Vault information about using the RAFT protocol can be found here.

Step 5 - Start Vault

systemctl enable vault.service
systemctl start vault.service
systemctl status vault.service

Test the installation (customize for your hostname):

export VAULT_ADDR=https://tapis-vault.mydomain.com:8200
vault status

Step 6 - Initialize Vault

vault operator init

Five unseal keys and the root token will be written to the screen. DO NOT SAVE THESE DATA PERMANENTLY ON THE FILE SYSTEM. Instead, copy the information off the screen and save them securely off the VM.

Step 7 - Unseal Vault The Vault requires 3 out of the 5 of the unseal keys to unseal. Issue the operator unseal call 3 times, each time using a different key.

vault operator unseal
vault status

Step 8 - Export Root Token To avoid saving the root token to the command history file:

export HISTCONTROL=ignorespace
export VAULT_TOKEN=xxx

where the command has a leading space and xxx is the token output by the above operator init command.

Step 9 - Enable Authn Methods and Secrets Engines

vault secrets enable -version=2 -path=secret kv
vault auth enable approle
vault auth enable userpass

Step 10 - Check Remote Access

Before logging off, test remote access by running a status command that will be used in Phase II. On the remote machine, export the root token.

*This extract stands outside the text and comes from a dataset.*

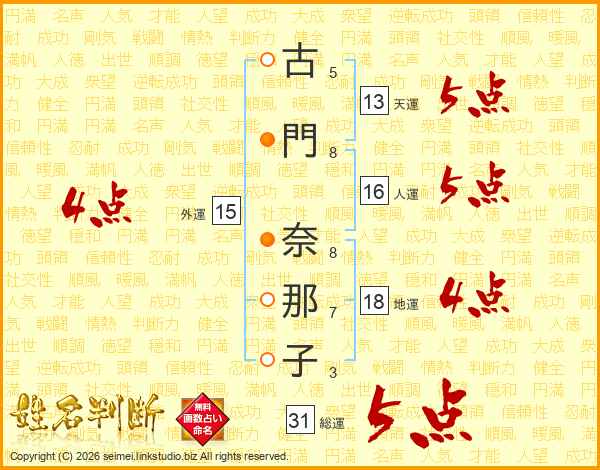 古(5画)門(8画) 奈(8画)那(7画)子(3画)

To avoid saving the root token to the command history file:

export HISTCONTROL=ignorespace
export VAULT_TOKEN=xxx
curl -H “X-Vault-Token: $VAULT_TOKEN” https://tapis-vault.mydomain.com:8200/v1/sys/health | jq

Step 11 - Logoff VM (optional)

All further configuration will be performed from the remote machine.

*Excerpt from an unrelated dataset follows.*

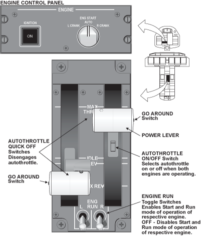 - An IGNITION PBA and an ENG START switch on the Engine Start module of the overhead panel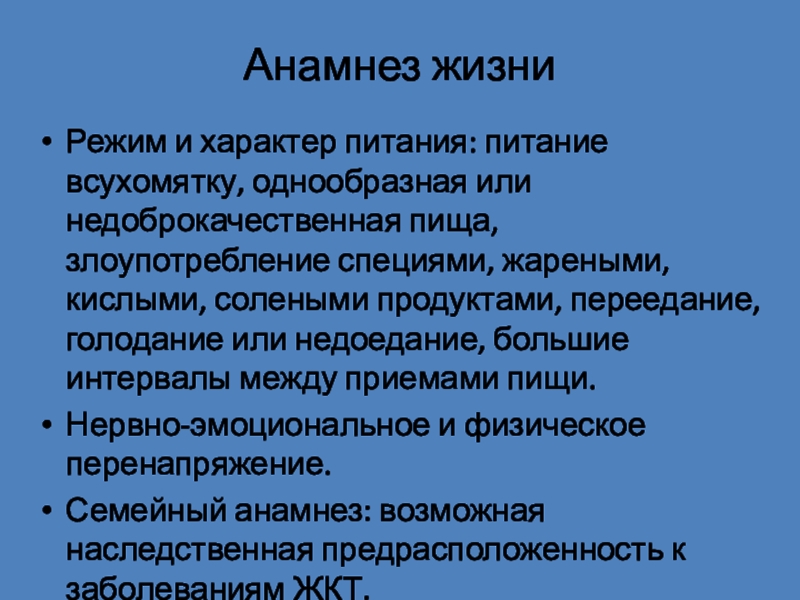 злоупотребление специями, жареными, кислыми, солеными продуктами, переедание, голодание или недоедание,

PHASE II - Remote Commands

Step 12 - Create SK Roles

On the remote machine terminal, export the root VAULT_TOKEN as shown in Step 10. Clone the tapis-vault-vm git repo into the current directory.

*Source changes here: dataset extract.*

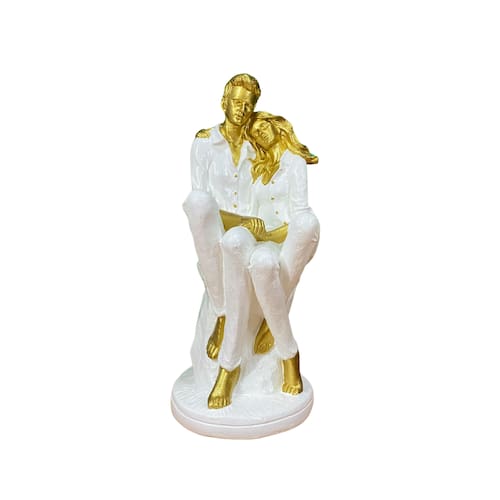 Uma cena de puro carinho: esta estatueta retrata um casal apaixonado sentado lado a lado, compartilhando um momento de afeto e tranquilidade. A mulher repousa a cabeça sobre o ombro do homem, representando confiança, conforto e cumplicidade.

git clone https://github.com/tapis-project/tapis-vault-vm.git
cd tapis-vault-vm
curl -X POST -H “X-Vault-Token: $VAULT_TOKEN” --data @roles/sk-role.json https://tapis-vault.mydomain.com:8200/v1/auth/approle/role/sk
curl -X POST -H “X-Vault-Token: $VAULT_TOKEN” --data @roles/sk-admin-role.json https://tapis-vault.mydomain.com:8200/v1/auth/approle/role/sk-admin

Step 13 - Test SK Roles (optional)

curl -s -X POST -H “X-Vault-Token: $VAULT_TOKEN” https://tapis-vault.mydomain.com:8200/v1/auth/approle/role/sk/secret-id | jq
curl -X GET -H “X-Vault-Token: $VAULT_TOKEN” https://tapis-vault.mydomain.com:8200/v1/auth/approle/role/sk/role-id | jq

Step 14 - Create Roles and Policies

The tapis-vault/CreatePolicies.sh script encapsulates basic policy and role creation needed for Tapis to function. See comments in the script for details, but basically the script requires:

  • The current directory to be tapis-vault.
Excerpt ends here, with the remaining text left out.